Après ces tests, vous serez alors traité pour les problèmes individuels découverts. Par exemple, si vous avez une hernie, vous pouvez subir une intervention chirurgicale pour la réparer. Vous devrez peut-être également subir une intervention chirurgicale pour réparer les malformations squelettiques que vous pourriez avoir.
Il n’existe pas de traitement en soi pour les symptômes cutanés, mais vous pouvez choisir de subir une chirurgie plastique pour améliorer l’aspect de votre peau. Ces chirurgies réussissent généralement et donnent de bons résultats, mais à long terme, la peau lâche et affaissée peut réapparaître.
Votre médecin peut également vous prescrire des médicaments tels que des bêtabloquants pour prévenir l'apparition d'anévrismes aortiques. De plus, vous devrez probablement retourner à l'hôpital à intervalles réguliers pour une surveillance continue.
Changements de style de vie
Si vous avez cutis laxa, il est conseillé de connaître certains choix de mode de vie qui peuvent aggraver votre état et ses symptômes.Le plus important est le tabagisme, car cela aggrave l’emphysème, l’un des principaux symptômes de la cutis laxa qui se caractérise par des tissus pulmonaires endommagés et provoque un essoufflement.
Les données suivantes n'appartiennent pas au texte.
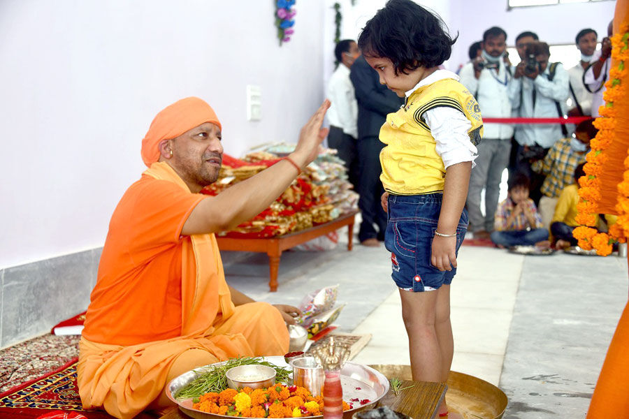 मुख्यमंत्री योगी आदित्यनाथ ने महानवमी पर कन्या पूजन कर लिया आशीर्वाद, देखें फोटो

De plus, les bains de soleil ou le bronzage peuvent endommager votre peau.
Un mot de Verywell
Il est naturel de se sentir dépassé si vous avez reçu un diagnostic de cutis laxa, surtout si vos symptômes ne sont pas uniquement liés à la peau. En conséquence, vous devriez envisager de consulter un thérapeute, car vous pourriez grandement bénéficier du soutien psychosocial. En outre, il est conseillé que vous et les membres de votre famille subissiez des tests génétiques et des conseils, surtout si vous ou l’un d’entre eux envisagez d’avoir des enfants dans un proche avenir.